As for me, well, again, you have to know what makes you happy before you can find it, and for me, the difficulty is not usually being self aware enough to know that I have found it, but more the ability to extricate what makes me happy from what makes the people I care about happy, whether they really are one and the same thing or whether lines have just become blurred. Moving away was a step both towards and away from that, I think, but it is important that it was both, because that's the journey I'm on right now. And right now, there are a lot of variables in my imminent future, and the driving focus is still, what do I have to do tomorrow and will I get through it okay? That is how it has to be for now. But this extraordinary adventure is doing two important things for me, as I said before, it's making me stronger and it is making more independent, so I think that it is definitely a path which will lead my thinking to where I want to go. Or not, but that's just how the dice rolls sometimes, and a reflective person like me, albeit one living in a high octane environment right now, has to be pretty sure before she makes choices that affect the people she cares about, but I'll get there, I think. Or at least, I am hopeful, because the answers to my questions are right where they always were, in me, even if I'm having to go around the world to help me find my way back to them.

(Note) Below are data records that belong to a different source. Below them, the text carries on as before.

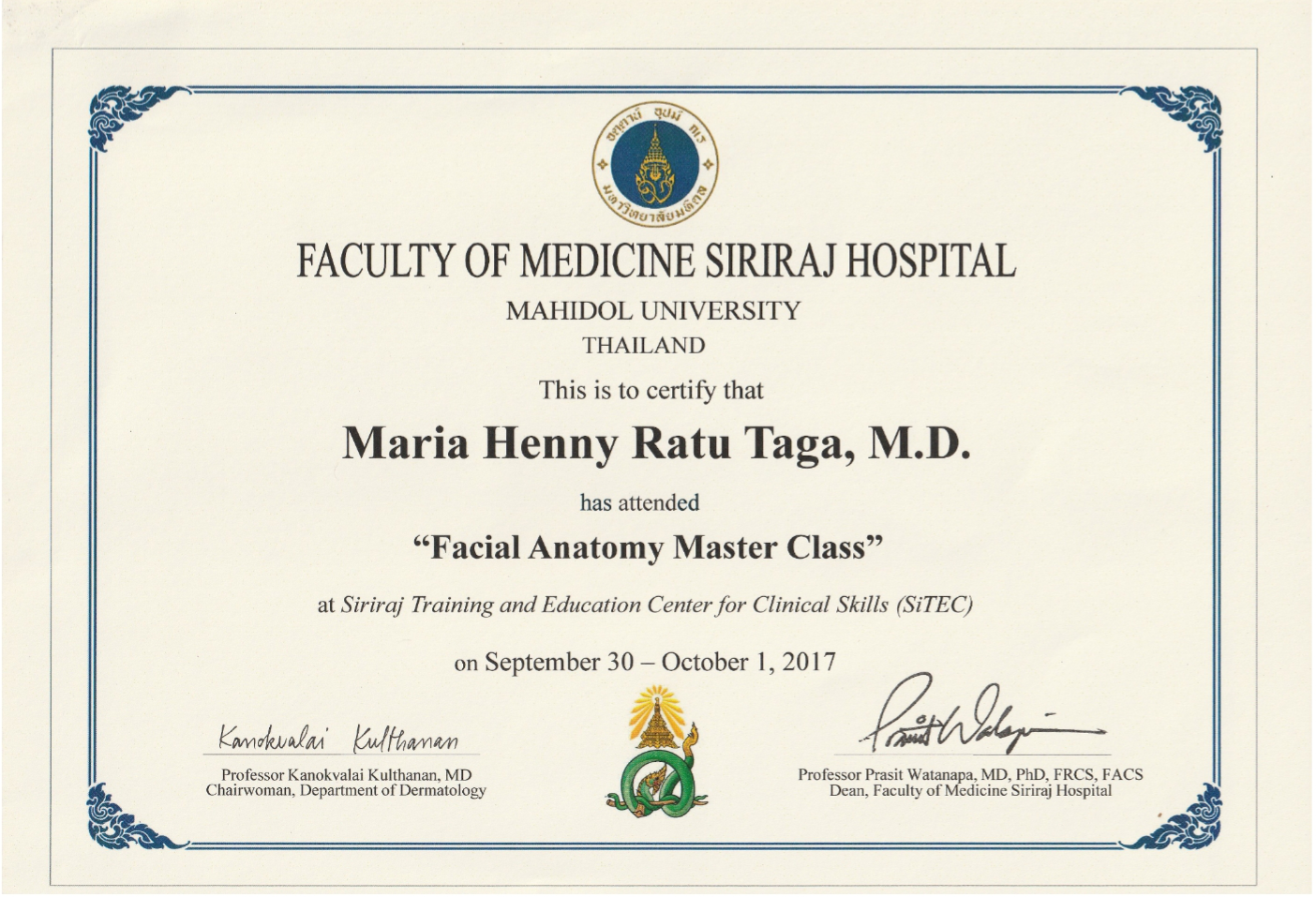 2017: Faculty Of Medicine, Siraraj Hospital. Facial Anatomy Master Class
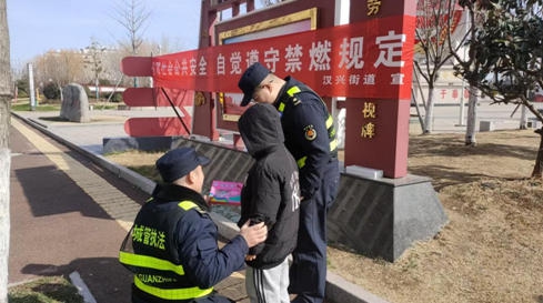 16日上午11時(shí)許,執(zhí)法人員在漢興勞模廣場巡查時(shí),發(fā)現(xiàn)一名未成年人攜帶煙花爆竹,當(dāng)即上前規(guī)范處置。堅(jiān)持“教育為主、勸導(dǎo)為先”原則,耐心細(xì)致講解禁燃禁放政策規(guī)定,細(xì)致分析煙花爆竹燃放易引發(fā)火災(zāi)、人身傷害等安全風(fēng)險(xiǎn)。經(jīng)勸導(dǎo)教育,該未成年人充分認(rèn)識到自身錯(cuò)誤,安全隱患得到及時(shí)消除。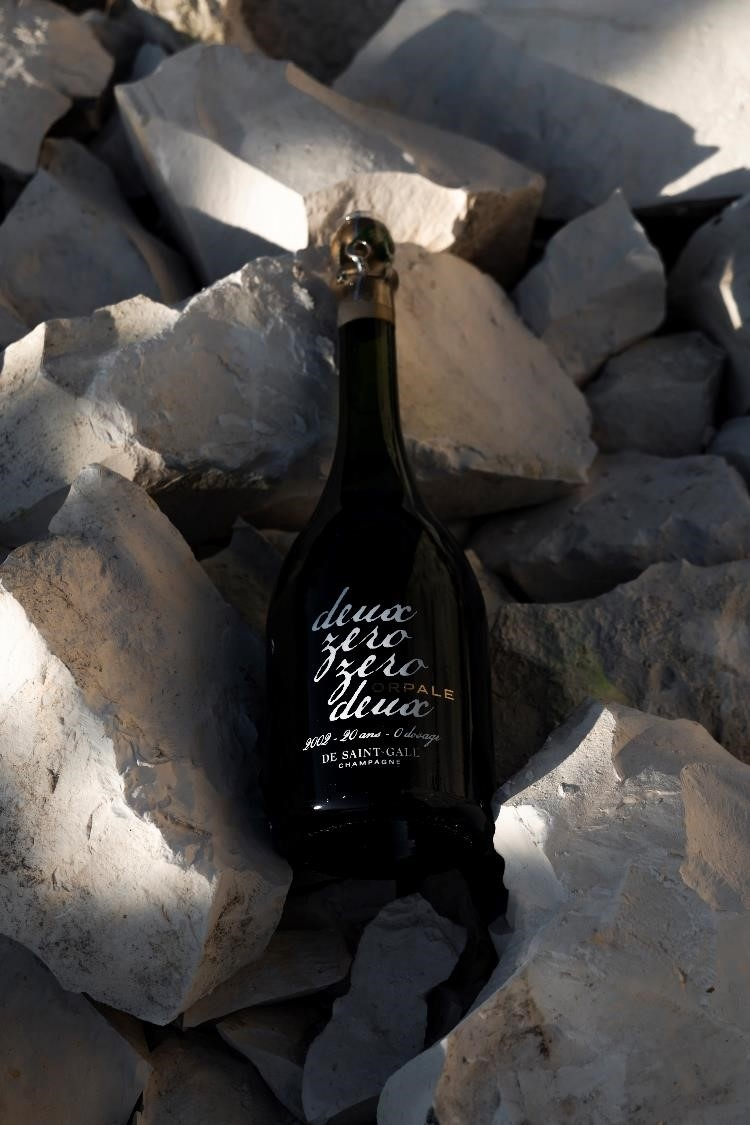 Même son de cloche à l’Union Champagne (Champagne de Saint-Gall) qui vient de lancer son dernier millésime « Orpale 2002 » (150 €, photo ci-dessous) :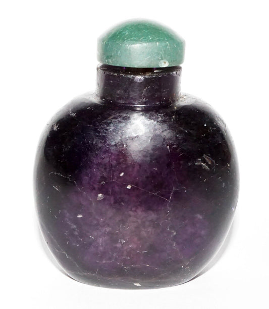 Vintage Chinese Dark Purple Fluorite Carved Snuff Bottle w. Green Stop (LeS) G8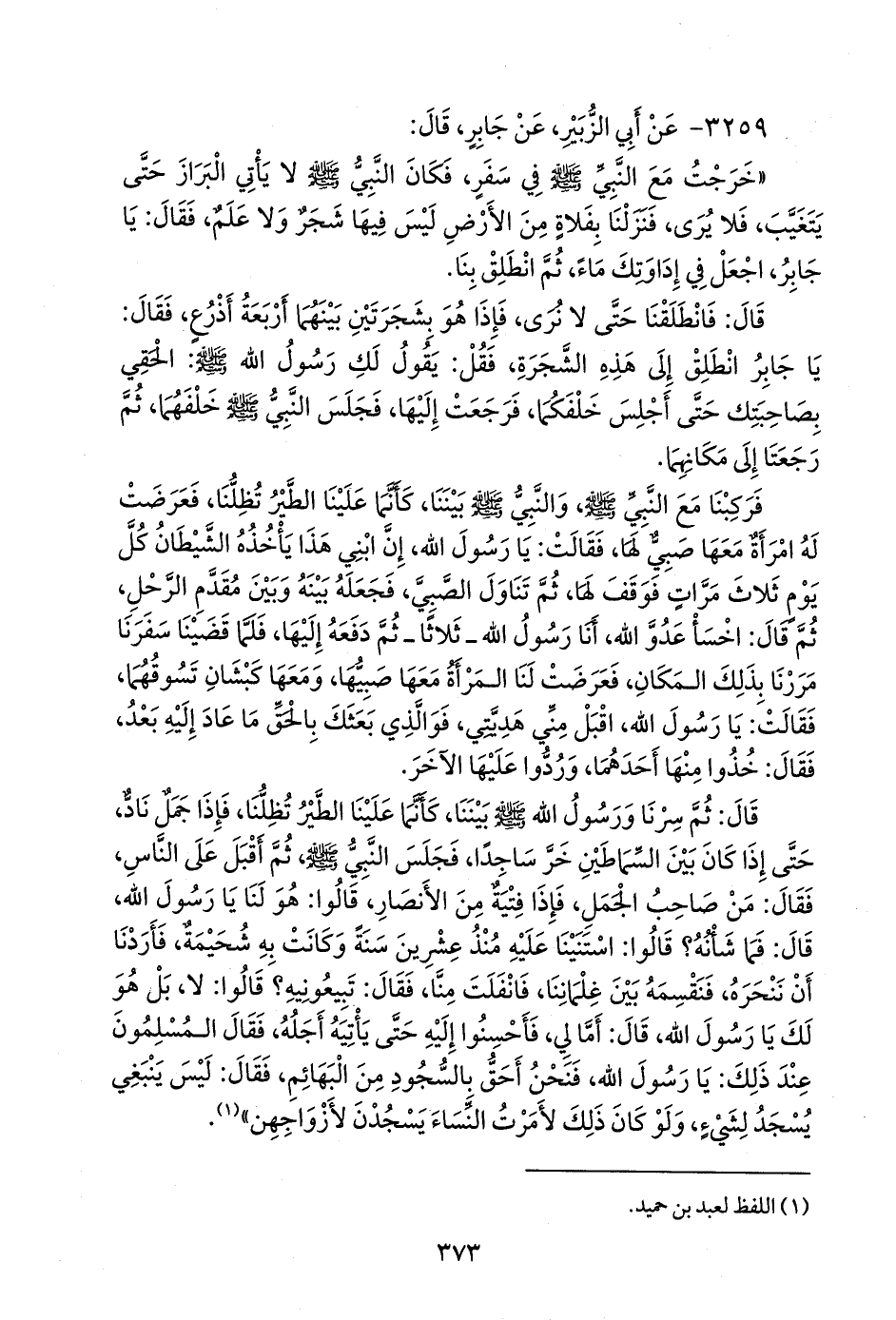 قال: ثم سرنا ورسول الله صَلى الله عَليه وسَلم بيننا، كأنما علينا الطير تظلنا، فإذا جمل ناد، حتى إذا كان بين السماطين خر ساجدا، فجلس النبي صَلى الله عَليه وسَلم ثم أقبل على الناس، فقال: من صاحب الجمل، فإذا فتية من الأنصار، قالوا: هو لنا يا رسول الله، قال: فما شأنه؟ قالوا: استنينا عليه منذ عشرين سنة وكانت به شحيمة، فأردنا أن ننحره، فنقسمه بين غِلماننا، فانفلت منا، فقال: تبيعونيه؟ قالوا: لا، بل هو لك يا رسول الله، قال: أما لي، فأحسنوا إليه حتى يأتيه أجله، فقال المسلمون عند ذلك: يا رسول الله، فنحن أحق بالسجود من البهائم، فقال: ليس ينبغي يسجد لشيء، ولو كان ذلك لأمرت النساء يسجدن لأزواجهن» (¬١).

I realise that all of that is no way constitutes a travel blog or gives any real insight into life in Vietnam. I'm finding it even more difficult to write about that at the moment and much like the other stuff I'm trying to work through, I'm waaaay too close to the subject to be objective about it and find balance in my observations. There is also so much to say I don't know where to begin. So, just bear with me, if you can, and I'll hopefully have something relevant to say about it soon!


* From 'Missing' by Beck on his album Guero.